Written by Tony & Joe Gayton
Directed by George Tillman Jr
I've always believed that Dwayne "The Rock" Johnson has awesome potential to be a major movie star. While he might not quite be there yet (he's made the money required more than once, just no critical success yet) movies like Faster aren't going to help him move to that next level.
However, if he's comfortable and happy playing a few kids movies a year, and then a few brainless action films, and doesn't aspire to any thing more, than Faster is the perfect action reel to have. If you want to do serious acting, it's the kind of thing you buy all the copies of and never show anyone.
From the opening, with the awesome "Goodbye My Friend" by the DeAngelis brothers (originally from Enzo Castellari's film "Street Law", one of my favorites in Italian crime) you know it's going to be a raw homage to exploitation films, and with the concept at hand, they do a damn fine job.
As Driver (Dwayne Johnson) paces in his cell, like a caged animal, he never stops moving throughout the entire film, after being released from prison, he runs to his stashed car, immediately gunning the engine on the Chevelle you get the sense that this film won't let up.
With the opening violence, Driver defies everything the audience thinks he will do, as the puzzle of the plot slowly pieces together with each person he hunts down. Of course there's a wrench in there somewhere, which comes via Billy Bob Thorton's wily cop, and a mysterious hitman from an unknown source.
It seems as though Tillman Jr set out to memorialize every 70's action film he ever saw, that much is obvious, but his trouble comes in the form of knowing when to milk the formula, and when to propel the actual plot to something more than its predecessors.
All too often this happens in exploitation homages, the directors get so tied up in making the film feel authentic, they forget to make sure it's actually good, and not incredibly boring, which the pratfall many of those old low budget films fell into. At the same time, sometimes the flashiness reminds you that this is indeed a $24 million film. This is where expectations come into play, which is the one thing small time, low budget films didn't have to combat in the 70's, because most often their audiences hadn't heard of the films being played.

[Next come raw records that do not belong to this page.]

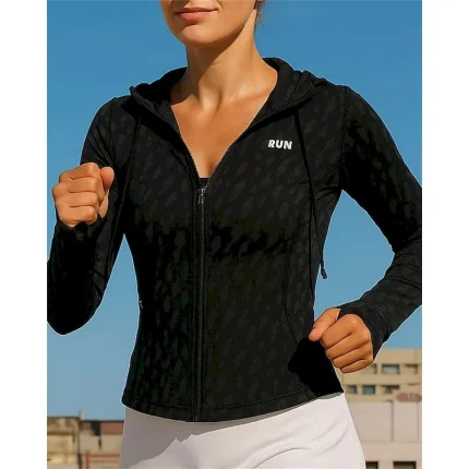 Selling Points 1.Gender: Women’s2.Elasticity: Micro-elastic3.Function: Lightweight Sun Protection4.Sleeve Length: Long Sleeve5.Design: Full Zip6.Pattern: Graphic Specifications Gender:Women’sSports Clothing Sub Category:Running Top,Running
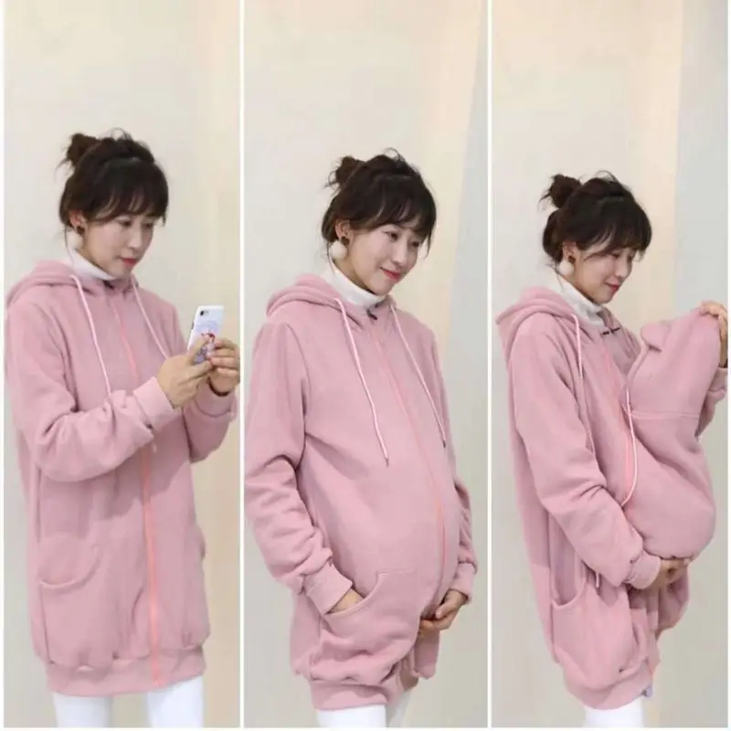 Новые зимние Утепленные толстовки с капюшоном для малышей пальто для мам и пап-кенгуру свободная Модная хлопковая куртка с капюшоном для беременных
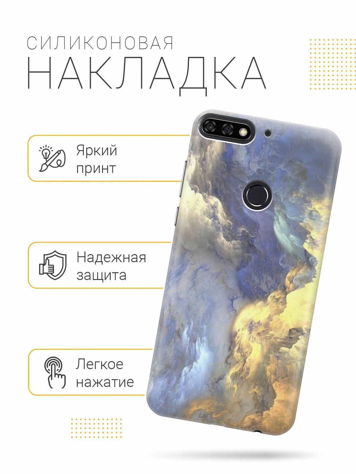 Силиконовый чехол на Huawei Y6 Prime (2018), Honor 7C, Honor 7A Pro, Хуавей У6 Прайм 2018, Хонор 7А Про, Хонор 7С с принтом "Желто-синие облака" информация:
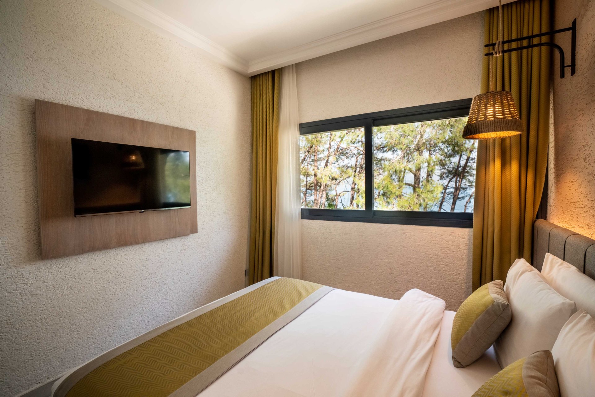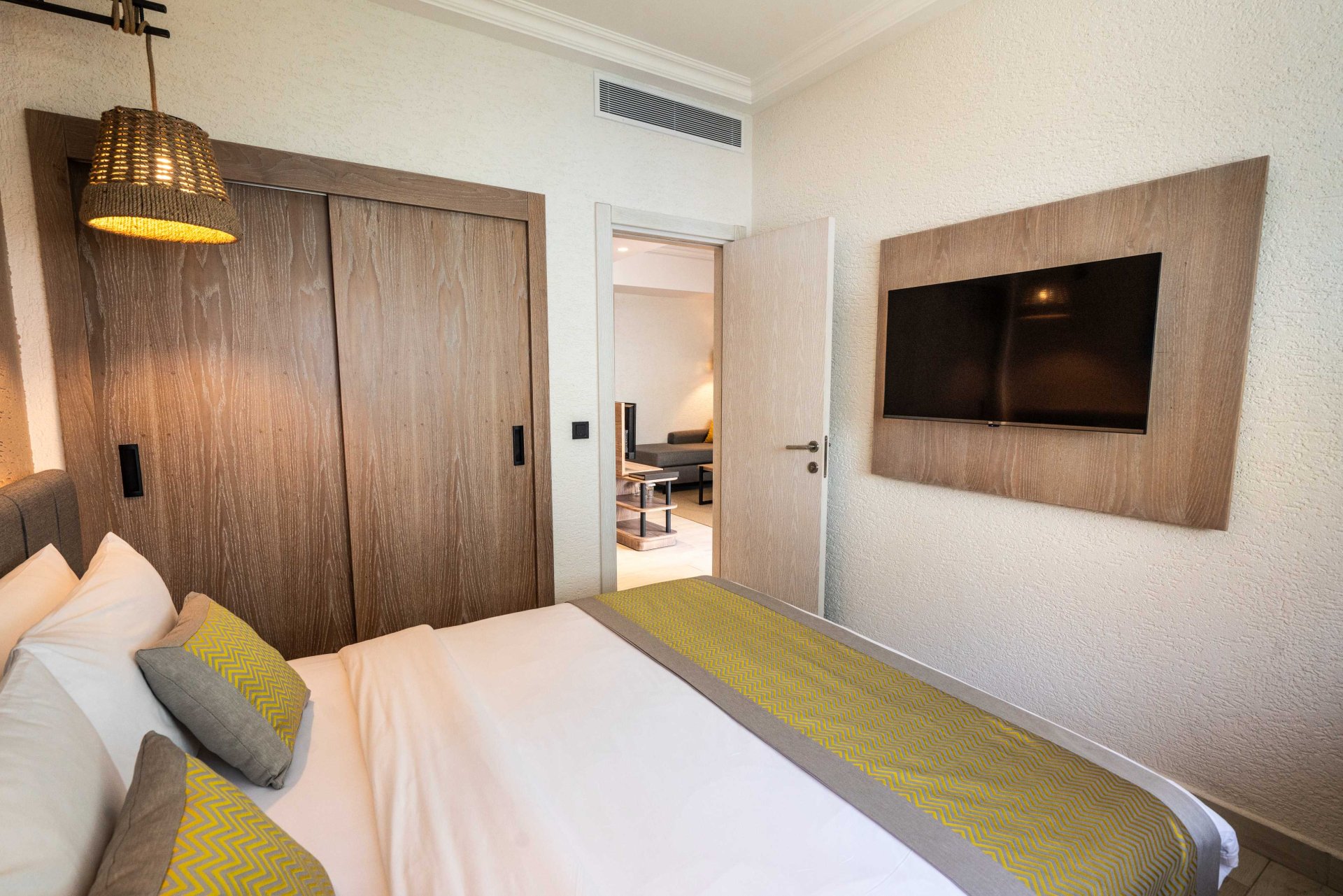Superior Family Rooms are located in the garden area. The rooms consist of two separate bedrooms and one living room (one bedroom with a double bed and the other with twin beds). All rooms feature a bathroom with shower and a spacious balcony or terrace. Most rooms offer sea views, while the remaining rooms overlook the garden or forest. These rooms are ideal for large families.
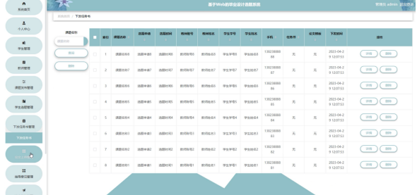 管理员点击下发任务书管理,在下发任务书管理页面对课程名称、选题申请、选题时间、教师账号、教师姓名、学生学号、学生姓名、手机、任务书、论文模块、下发时间等信息,进行查询或删除下发任务书等操作。如图5-13所示:

Modern exploitation cinema has to balance all theses caveats by telling an interesting, self-referential story that pays proper homage to the films of the genre without being boring or blatantly ripping off famous scenes. It's a delicate balance that Tillman Jr manages in most aspects of the movie.
The action is all superbly shot, fancy car rigs, vehicles, helicopters and fancy cameras is where this production spent the bulk of their money, but it pays off with exciting car chases, entertaining explosions, and clearly understandable shoot-outs.
The biggest failure for the film was the character of The Cop (Thornton), who is close to retirement, and despite being a washed up, down on his luck loser drunk, find the will power to track down Driver and stop him from his campaign of revenge. However, nothing about the performance, the character, or the script ever led anyone to believe this character would ever have this epiphany in the way he does, and I believe the character was purposely left this way as an attempt at an homage to 70's cop films with lazy, drunk, or crooked cops.
However, it comes off as just that, a caricature, which doesn't work. Where Dwayne Johnson plays the Charles Bronson anger with serious fervor, Thornton plays it with a winking nod. Depending on the film, neither approach would be wrong, but in the same film, the two approaches clash and make the story feel generic and weak.
Overall, the entertainment factor wins out on this one, it's purely 90 minutes of action and bare bones story, with too many predictable third act happenings to make it anything more than a fun action flick. The exploitation homages that work are fun and vibrant, the ones that don't feel generic and stale. This imbalance throughout the movie will keep it from being a huge cult classic, but it further cements Dwayne Johnson as a screen bad ass that can be physical for the length of an entire film shoot. If you saw the trailer for this film and you were looking for something other than that, you might need to learn a bit more about movies.